__SUPPLIED DATA__.
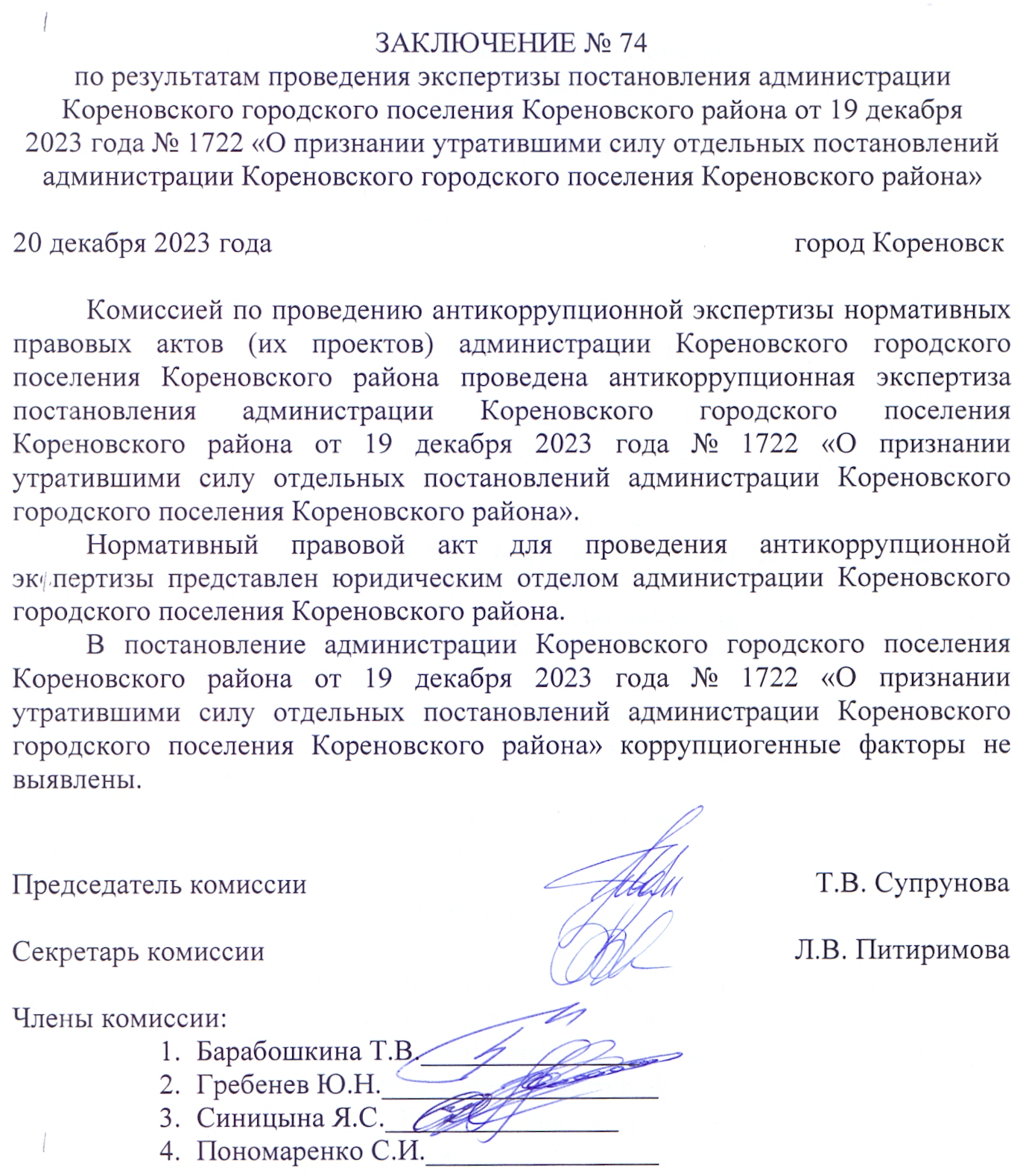 ЗаключениеО признании утратившими силу отдельных постановлений администрации Кореновского городского поселения Кореновского района
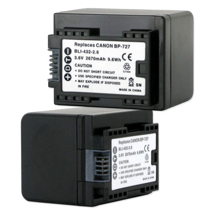 The BLI-432-2.6 is a 3.6V 2670MAH Li-ion battery pack that replaces a Canon BP-727 equivalent battery.
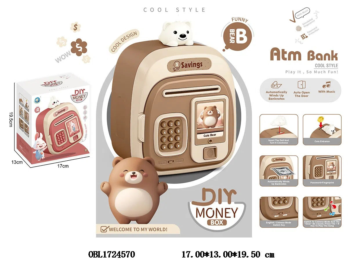 萌宠智能指纹存钱柜带音乐 2色混装 3*AA不包电
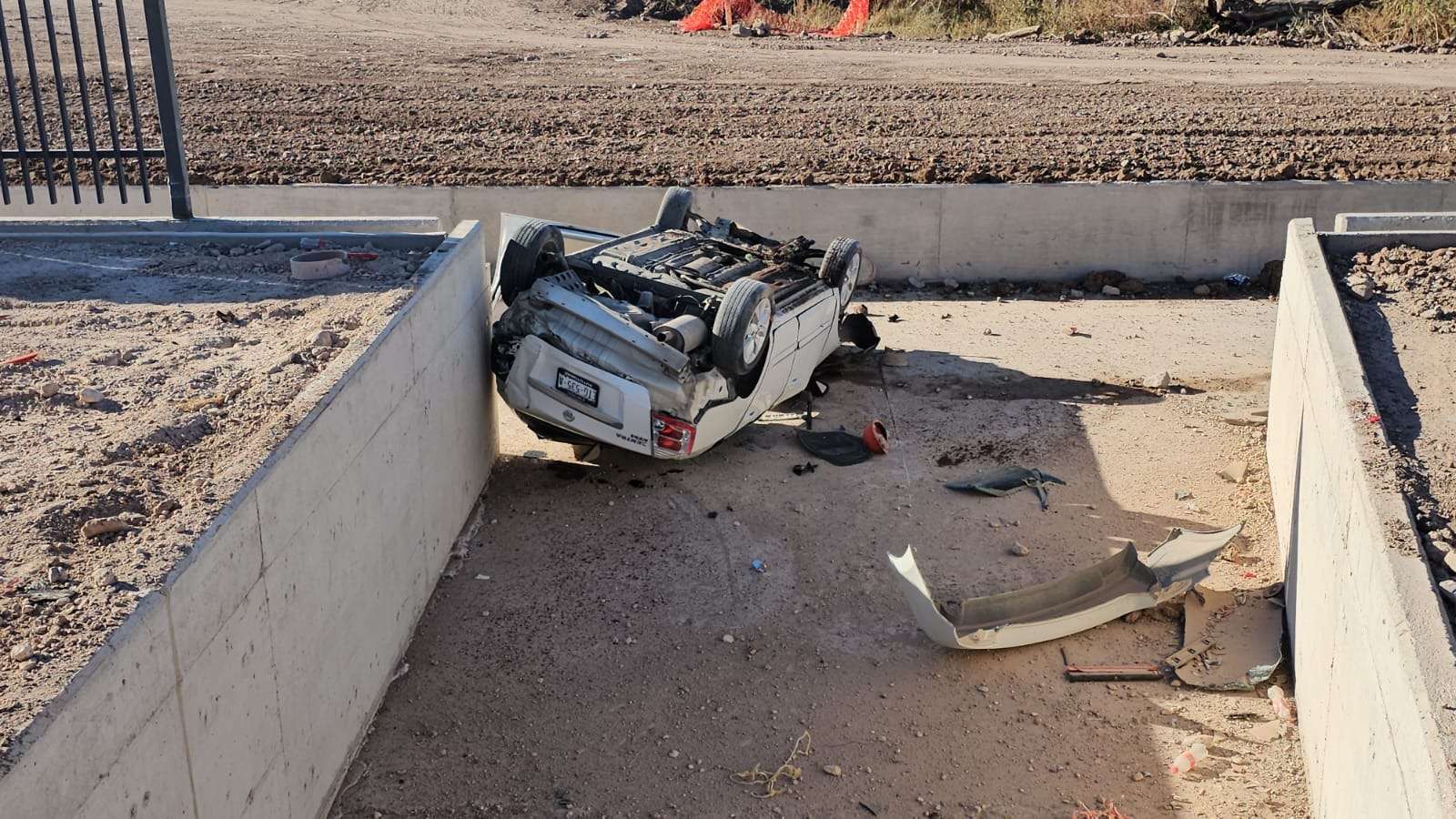 De acuerdo con los primeros reportes, el automovilista se salió del camino y cayó a un canal de desagüe, donde quedó con daños de consideración.

__WORK TO BE COMPLETED__.
The expected output is the full material above, word for word, without pictures.

__WRITTEN ANSWER__.
 ЗаключениеО признании утратившими силу отдельных постановлений администрации Кореновского городского поселения Кореновского района
 The BLI-432-2.6 is a 3.6V 2670MAH Li-ion battery pack that replaces a Canon BP-727 equivalent battery.
 萌宠智能指纹存钱柜带音乐 2色混装 3*AA不包电
 De acuerdo con los primeros reportes, el automovilista se salió del camino y cayó a un canal de desagüe, donde quedó con daños de consideración.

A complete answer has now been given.